The world's largest distributor of Linux expects 50 percent of its revenues to be coming from overseas sales within the next year -- a revelation one analyst sees as a bit of a capitulation.
"It's our goal that within the next 12 months, 50 percent of our revenues be
from sales outside the United States," explained Red Hat (NYSE: RHT)
spokesperson Leigh
Day.
"We're striving to be a global company," she told LinuxInsider. "We have
offices all over Europe and Asia. We're seeing Linux
have traction in many
nations. It's a technology that's interesting to many cultures abroad."
Can't Dislodge Windows
To one analyst, though, U.S.-based Red Hat's emphasis on overseas sales indicates failings elsewhere.
"That's almost -- but not quite -- a concession speech," Laura DiDio, a senior analyst with the Yankee Group in Boston said. "It's a concession that they're not going to do a great job dislodging Windows, especially on the desktop, here in North America."

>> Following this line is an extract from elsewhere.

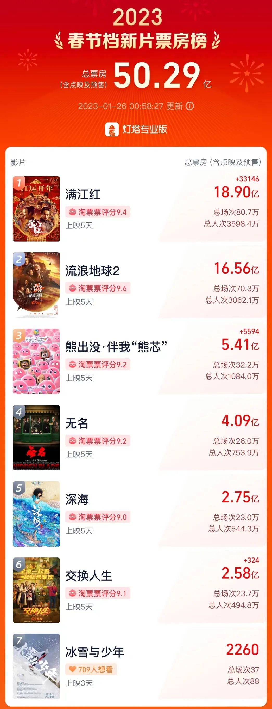 我们先看一组数据。据灯塔专业版实时数据,1月25日21时43分,2023春节档(1月21日-1月27日)总票房(含预售)突破50亿,《满江红》《流浪地球2》《熊出没·伴我“熊芯”》分列票房榜前三位。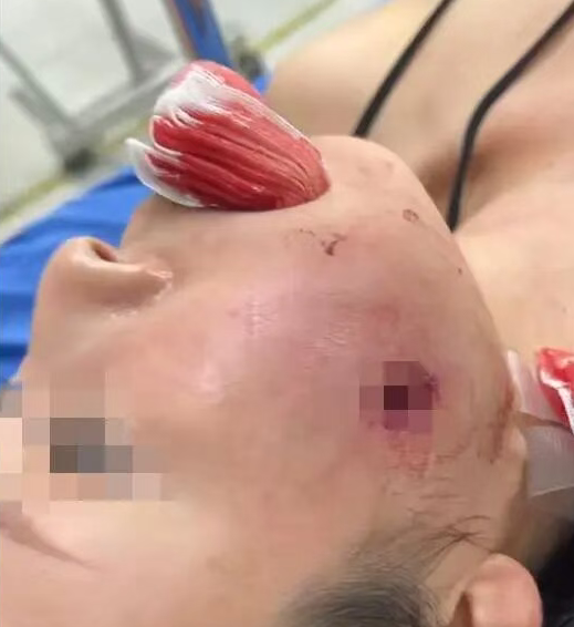 冯女士母亲脸部留下弹孔。(受访者供图)

"Here in the U.S., you have a huge Microsoft (Nasdaq: MSFT)
installed base on the desktop," added Chris Foster, an analyst with Technology Business Research (TBR) in Hampton, New Hampshire.
"Particularly in the corporate space, you have issues with companies being reluctant to go with a less-proven platform," he told LinuxInsider.
On the server side, however, Linux has a better shot at success, he contended.
"Companies have used Unix and Linux isn't so much different that they're afraid to embrace it," he said.
That certainly seems to be the case among Fortune 500 companies where 65 percent of those firms are Red Hat customers, according to Day.
Overseas Green Fields
Focusing resources on overseas markets is a good strategy for any Linux distributor, DiDio maintained, because that's where the most "green-field" networking opportunities exist -- opportunities where the networking infrastructure is either under-developed or non-existent.
"The biggest growth opportunity for Linux exists in green-field networking situations," she said. "Most green-field networking situations are abroad."
She asserted that if an enterprise already has a network in place, Linux can be very expensive to deploy.
"I'm not saying it's not worth it -- that's up to the company to decide, but what we tell customers is that they have to factor in all the costs. And up to now, a lot of people haven't done that," said DiDio.
She cited Yankee survey data that showed 53 percent of respondents who were
planning a migration from Windows
or Unix to Linux had failed to do a thorough product cost analysis of their situation.
Another factor driving Linux migration abroad is its adoption by government entities.
Microsoft Hatred
Red Hat's Day explained that governments like Linux because they aren't locked into a single vendor after they install it. "They also like their ability to save IT costs and to examine a technology that's extremely accessible and will enable them to scale their infrastructure," she said.
"Europe is much more open to embracing Microsoft alternatives than the U.S. is on a federal government or state government level," TBR's Foster added.
DiDio characterized European governments' attitude more bluntly: "They hate Microsoft."
"But," she added, "now you see a lot of them actually doing the math and saying [Linux] is really not free."
An enterprise doesn't pay a licensing fee for Linux, she continued, but it doesn't get indemnification or a product warranty either.
"They're going to pay through the nose for technical service and support," she maintained. "They may have to build customized applications."
No Longer Niche
Nevertheless, Linux's global presence has helped it emerge from the software crevices. "Linux has definitely surpassed its niche reputation," Day observed. "It's the world's fastest growing operating system."
And Red Hat continues to benefit from that growth. It its last quarterly report for the period ending August 31, the company showed comparative revenue growth of 60 percent to US$46.3 million from $28.9 million a year ago, and profit growth of 225 percent, to $11.8 million from $3.6 million in 2004.